Environmental regulation
Rio Tinto measures its performance against environmental regulation referred to in the previous section by rating incidents on a low, moderate, high, or critical scale of likelihood and consequence of impacting the environment. High and critical ratings are reported to the Executive committee and the board Committee on social and environmental accountability, including progress with remedial actions. Prosecutions and other breaches are also used to gauge Rio Tinto's performance.

In 2007, there were nine high or critical environment incidents compared with eight in 2006. These incidents were of a nature to impact the environment or may have concerned local communities. Of these two impacted air quality, five resulted from water discharge and two were spills. Examples of these include:

  • Air emission concentrations of fluorine exceeded license conditions at Boyne smelters, Australia.
  • Unauthorised discharge of mine water downstream of a dam as a result of poor communications with a contractor at Kestrel, Australia.
  • Sewage discharged into a holding pond following a blockage in pumps at Weipa, Australia.
  • Sea water used in cooling was discharged to the ocean at a higher temperature and pH than limits imposed by the license at Yarwun, Australia.
  • Minor land clearing inside an area identified as having heritage value at Hope Downs, Australia.
  • Diesel leak from below the floor of a bulk storage tank at West Angelas, Australia.
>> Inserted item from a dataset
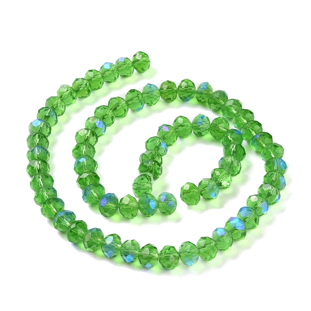 Glasfacetter mellemgrøn rondeller 4x3 mm. Hel streng.
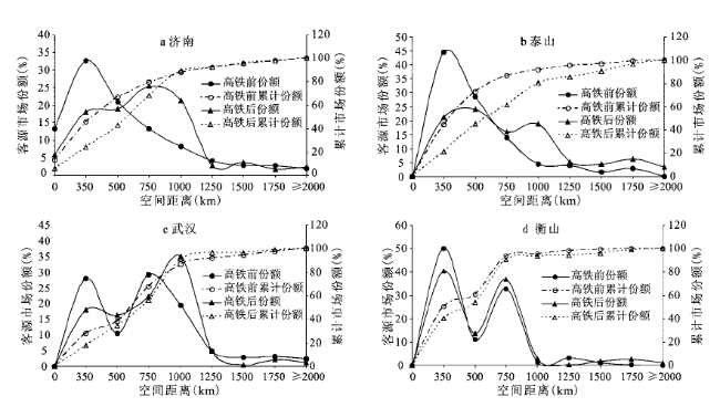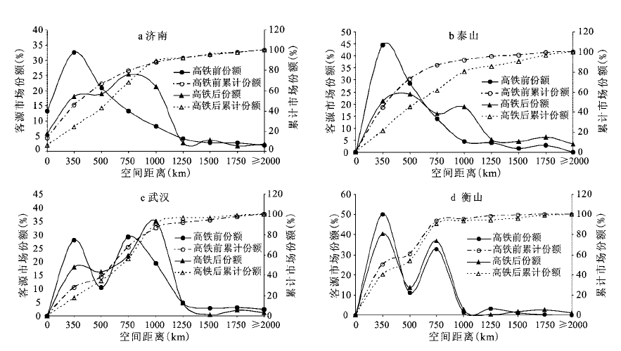 Transportation infrastructure is an indispensable prerequisite for developing tourism resources and constructing resorts, every new breakthrough in traffic technology allows the tourists to travel at a faster speed to a remoter destination. High speed rail (HSR) is a significant symbol of the worldwide “transportation revolution”, producing the remarkable effect of “space compression”. The “space compression” effect of HSR plays a significant role on the tourists’ travel space, thereby affecting the spatial structure of tourist source markets. On the basis of the case, Jinan, Taishan on Beijing-Shanghai HSR, and Wuhan, Hengshan on Wuhan-Guangzhou High speed rail, this article proves the impacts on the spatial structure of domestic source market by HSR from the point of attraction of spatial extent, spatial use curves of resorts, and spatial attractiveness of destination to source region, and concludes the new regularities of the tourist behaviors and spatial distribution of tourists in the age of HSR, laying the “cornerstone” for further study on the HSR’s impacts on the spatial pattern of regional tourism. The results show that: 1) the attractiveness radius of Jinan, Taishan, Wuhan, and Hengshan’s tourist market has been extended after the open of HSR. Therefore the number of source markets which may make large impacts on destination has increased, in particular, the number of major source markets that more significantly impact on the destinations, and the market share by remarkable margin. 2) The share of short-range source market has decreased obviously, while the medium, specifically the distance between 750 and 1 000 km, and long-range source market share have increased to different degrees. The 60% spatial extent of tourist markets have shown a trend of a significant expansion. 3) The “space compression” effect of HSR has improved the growth of attractiveness to tourist market, and the more remote of the distance, the more remarkable of the changes. The variability of attractiveness values and tourist demand have shown a significant correlation relationship. The change rate of spatial attractiveness value of destinations to tourist source and the change of tourist market demand are remarkably correlative, i.e. the more change of attractiveness, the more change of tourist market demand. It can also be seen that the effect of space compression produced by HSR exerts a significant accelerating function in the improvement of the attractiveness of destinations to tourist source markets, correspondingly promoting the significant growth of tourist market demand.

During 2007 three operations incurred fines amounting to A$9,633 (A$56,779 in 2006).

Further information in respect of the Group's environmental performance is included throughout this annual report, in the Sustainable development review and on the website.

Legal proceedings
Neither Rio Tinto plc nor Rio Tinto Limited nor any of their subsidiaries is a defendant in any proceedings which the directors believe will have a material effect on either Company's financial position or profitability.

Contingencies are disclosed in note 35 to the 2007 Full financial statements.
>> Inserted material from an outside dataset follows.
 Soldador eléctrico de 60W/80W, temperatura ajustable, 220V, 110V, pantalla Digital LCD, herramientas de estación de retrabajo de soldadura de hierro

Exploration, research and development
The Group carries out exploration, research and development in support of its activities as described more fully under the sections on the Exploration Group, and Technology and Innovation. Notwithstanding significant increases in cash expenditure, the amounts charged for the year for exploration and evaluation were US$321 million (2006: US$237 million) and for research and development were US$69 million (2006: US$15 million).

Auditors and disclosure of information to auditors
PricewaterhouseCoopers LLP and PricewaterhouseCoopers are the auditors of Rio Tinto plc and Rio Tinto Limited respectively. PricewaterhouseCoopers LLP have indicated their willingness to continue in office as auditors of Rio Tinto plc and a resolution to reappoint them as auditors of Rio Tinto plc will be proposed at the 2008 annual general meetings of Rio Tinto plc and Rio Tinto Limited. PricewaterhouseCoopers will continue in office as auditors of Rio Tinto Limited.

PricewaterhouseCoopers as the auditors of Rio Tinto Limited are required to provide an Auditor's Independence declaration to the directors under Section 307C of the Australian Corporations Act 2001. A copy is set out in the 2007 Full financial Statements.

No person who was an officer of Rio Tinto during the year was a former partner or director of either Company's auditors. Each of the directors at the time this report was approved has confirmed that:

  • so far as he or she is aware, there is no relevant audit information (ie information needed by the Companies' auditors in connection with preparing their report) of which the auditors are unaware; and
  • he or she has taken all steps that they ought to have taken as a director in order to make himself or herself aware of any relevant audit information and to establish that the auditors are aware of that information.